## [Work request]
Write out exactly the lines below starting at the one containing "AC Slater arrives" and ending at the one containing "El presidente Donald". Omit every picture.

===== Data for this exercise

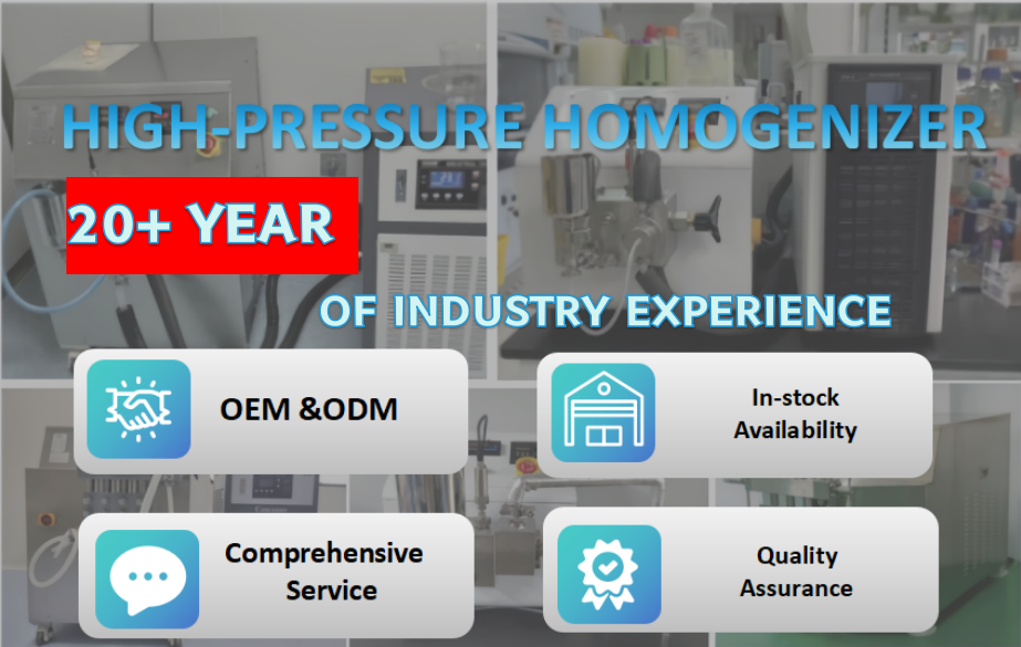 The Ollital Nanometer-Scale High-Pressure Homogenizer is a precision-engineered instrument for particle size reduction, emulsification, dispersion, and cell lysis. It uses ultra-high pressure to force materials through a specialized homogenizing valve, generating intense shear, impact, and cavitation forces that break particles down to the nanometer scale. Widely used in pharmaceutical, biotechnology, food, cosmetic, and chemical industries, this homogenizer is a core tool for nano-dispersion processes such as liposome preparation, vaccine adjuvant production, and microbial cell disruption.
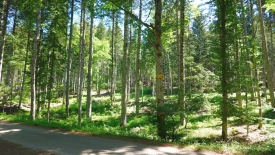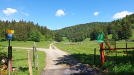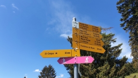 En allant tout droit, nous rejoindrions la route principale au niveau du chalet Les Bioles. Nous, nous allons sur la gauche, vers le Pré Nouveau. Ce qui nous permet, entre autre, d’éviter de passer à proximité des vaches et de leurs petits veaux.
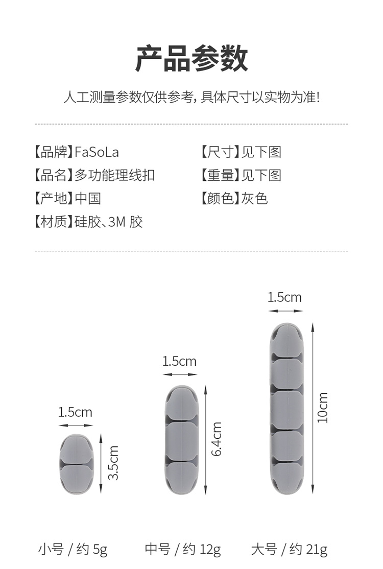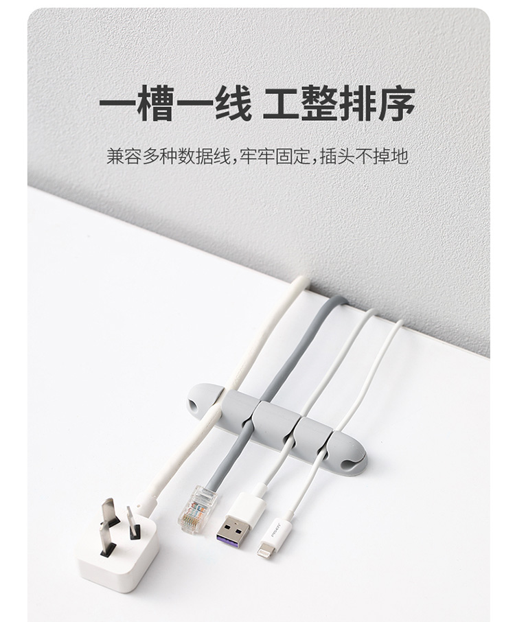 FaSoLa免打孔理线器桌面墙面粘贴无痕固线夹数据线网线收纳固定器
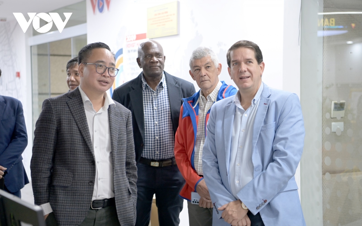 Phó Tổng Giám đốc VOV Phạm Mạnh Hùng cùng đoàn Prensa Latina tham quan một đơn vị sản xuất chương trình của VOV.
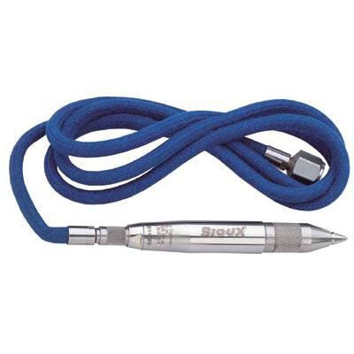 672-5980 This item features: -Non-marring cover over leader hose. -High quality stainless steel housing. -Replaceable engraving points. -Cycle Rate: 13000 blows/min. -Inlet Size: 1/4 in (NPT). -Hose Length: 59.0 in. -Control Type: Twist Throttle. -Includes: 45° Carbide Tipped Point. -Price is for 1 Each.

==========
===== Data for this exercise

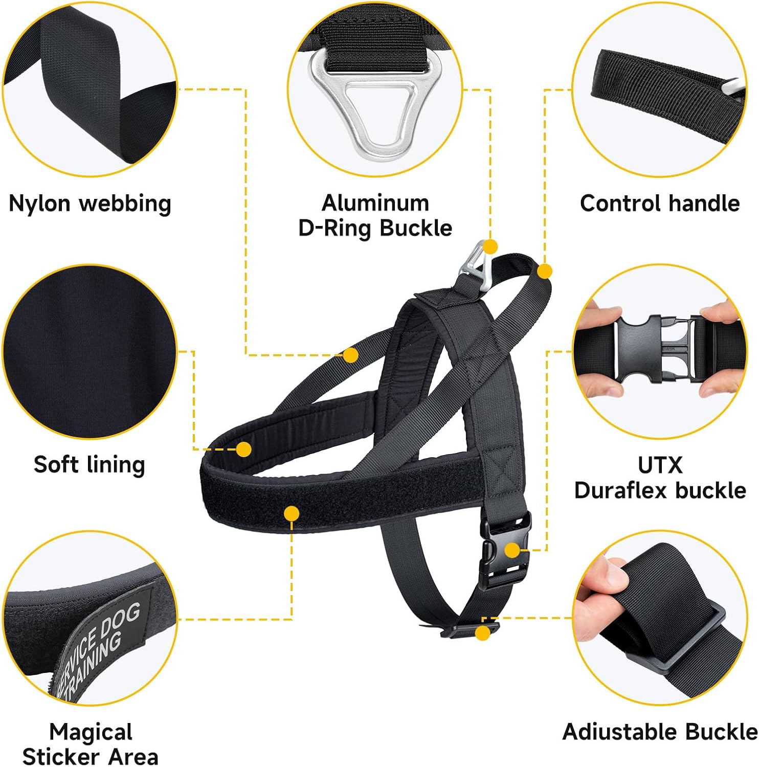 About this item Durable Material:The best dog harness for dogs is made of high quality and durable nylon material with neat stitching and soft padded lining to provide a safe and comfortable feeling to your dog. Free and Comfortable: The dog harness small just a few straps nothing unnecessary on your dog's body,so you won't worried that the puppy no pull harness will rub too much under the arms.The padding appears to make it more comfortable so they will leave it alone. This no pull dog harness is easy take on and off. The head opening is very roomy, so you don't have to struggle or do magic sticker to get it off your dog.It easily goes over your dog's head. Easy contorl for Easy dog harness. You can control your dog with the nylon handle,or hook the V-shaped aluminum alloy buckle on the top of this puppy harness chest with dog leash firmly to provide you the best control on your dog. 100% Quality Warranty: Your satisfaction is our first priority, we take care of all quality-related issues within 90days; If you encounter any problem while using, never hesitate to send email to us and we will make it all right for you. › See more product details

==========
===== Data for this exercise

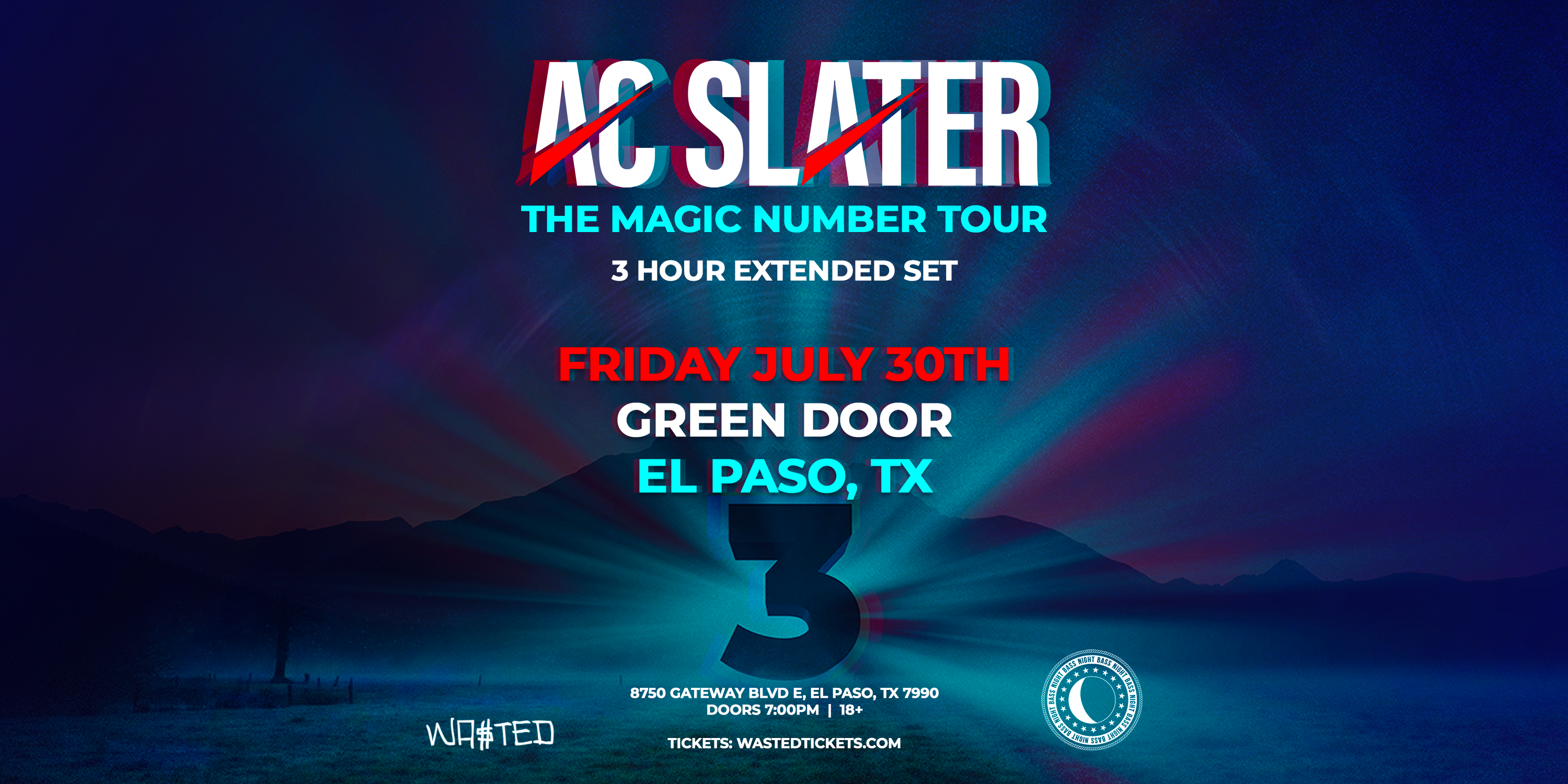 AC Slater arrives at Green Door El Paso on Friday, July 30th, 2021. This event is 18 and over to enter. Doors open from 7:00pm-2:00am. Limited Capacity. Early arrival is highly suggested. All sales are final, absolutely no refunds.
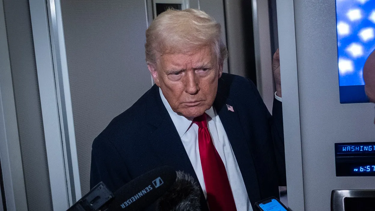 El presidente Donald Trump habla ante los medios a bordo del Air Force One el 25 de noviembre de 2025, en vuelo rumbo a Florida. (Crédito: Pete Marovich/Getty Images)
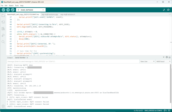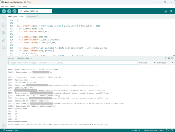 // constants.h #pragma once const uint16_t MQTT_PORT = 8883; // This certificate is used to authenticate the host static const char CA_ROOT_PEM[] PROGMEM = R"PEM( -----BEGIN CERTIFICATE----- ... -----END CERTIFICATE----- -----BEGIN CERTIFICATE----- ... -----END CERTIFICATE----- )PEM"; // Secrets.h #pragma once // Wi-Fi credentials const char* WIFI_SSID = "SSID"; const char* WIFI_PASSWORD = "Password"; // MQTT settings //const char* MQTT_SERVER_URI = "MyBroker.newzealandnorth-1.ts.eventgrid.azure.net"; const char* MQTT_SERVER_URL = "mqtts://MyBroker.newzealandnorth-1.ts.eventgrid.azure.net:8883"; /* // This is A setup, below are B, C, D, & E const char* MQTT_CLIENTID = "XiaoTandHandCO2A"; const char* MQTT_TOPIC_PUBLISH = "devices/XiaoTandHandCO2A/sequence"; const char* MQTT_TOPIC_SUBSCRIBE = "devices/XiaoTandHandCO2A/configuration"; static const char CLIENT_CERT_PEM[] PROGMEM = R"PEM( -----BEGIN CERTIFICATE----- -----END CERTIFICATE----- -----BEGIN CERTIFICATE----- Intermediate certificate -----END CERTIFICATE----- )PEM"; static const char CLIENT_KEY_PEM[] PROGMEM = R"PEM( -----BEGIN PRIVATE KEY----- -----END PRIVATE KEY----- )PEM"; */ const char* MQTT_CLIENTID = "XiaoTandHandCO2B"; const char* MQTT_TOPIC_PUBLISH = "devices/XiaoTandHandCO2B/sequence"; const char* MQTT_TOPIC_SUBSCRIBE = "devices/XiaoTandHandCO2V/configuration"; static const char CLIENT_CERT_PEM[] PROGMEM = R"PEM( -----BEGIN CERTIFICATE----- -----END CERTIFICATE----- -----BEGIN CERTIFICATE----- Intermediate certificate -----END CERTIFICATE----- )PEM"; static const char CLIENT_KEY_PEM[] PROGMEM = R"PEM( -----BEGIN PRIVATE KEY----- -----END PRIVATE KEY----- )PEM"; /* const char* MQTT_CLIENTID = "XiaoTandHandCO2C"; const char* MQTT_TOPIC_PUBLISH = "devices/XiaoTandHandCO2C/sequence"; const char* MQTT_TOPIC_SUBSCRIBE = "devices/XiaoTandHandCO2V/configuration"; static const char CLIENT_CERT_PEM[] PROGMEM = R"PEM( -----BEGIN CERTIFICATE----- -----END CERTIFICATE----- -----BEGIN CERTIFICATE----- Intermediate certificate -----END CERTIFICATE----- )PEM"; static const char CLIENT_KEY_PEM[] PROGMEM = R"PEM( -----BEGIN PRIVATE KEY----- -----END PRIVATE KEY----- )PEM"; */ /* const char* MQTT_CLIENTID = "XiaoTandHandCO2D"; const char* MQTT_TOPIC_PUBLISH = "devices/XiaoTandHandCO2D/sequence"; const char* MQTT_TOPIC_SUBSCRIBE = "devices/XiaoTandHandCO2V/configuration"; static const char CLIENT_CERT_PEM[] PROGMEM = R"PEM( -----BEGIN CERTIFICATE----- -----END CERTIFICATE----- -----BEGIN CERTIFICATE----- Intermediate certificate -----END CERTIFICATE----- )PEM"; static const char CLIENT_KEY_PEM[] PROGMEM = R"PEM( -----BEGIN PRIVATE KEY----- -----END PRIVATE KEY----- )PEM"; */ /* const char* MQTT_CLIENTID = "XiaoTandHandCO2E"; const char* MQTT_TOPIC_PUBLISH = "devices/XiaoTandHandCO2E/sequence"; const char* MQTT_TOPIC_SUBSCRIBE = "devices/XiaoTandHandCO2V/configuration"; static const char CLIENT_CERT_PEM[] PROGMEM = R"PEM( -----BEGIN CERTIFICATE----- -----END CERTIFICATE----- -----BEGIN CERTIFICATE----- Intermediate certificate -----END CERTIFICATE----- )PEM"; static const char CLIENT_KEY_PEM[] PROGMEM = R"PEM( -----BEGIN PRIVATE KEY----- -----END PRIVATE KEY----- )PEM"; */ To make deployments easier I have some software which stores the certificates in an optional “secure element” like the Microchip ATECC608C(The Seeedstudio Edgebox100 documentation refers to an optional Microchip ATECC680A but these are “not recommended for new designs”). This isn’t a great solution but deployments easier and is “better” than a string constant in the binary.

==========

## [Task output]
 AC Slater arrives at Green Door El Paso on Friday, July 30th, 2021. This event is 18 and over to enter. Doors open from 7:00pm-2:00am. Limited Capacity. Early arrival is highly suggested. All sales are final, absolutely no refunds.
 El presidente Donald Trump habla ante los medios a bordo del Air Force One el 25 de noviembre de 2025, en vuelo rumbo a Florida. (Crédito: Pete Marovich/Getty Images)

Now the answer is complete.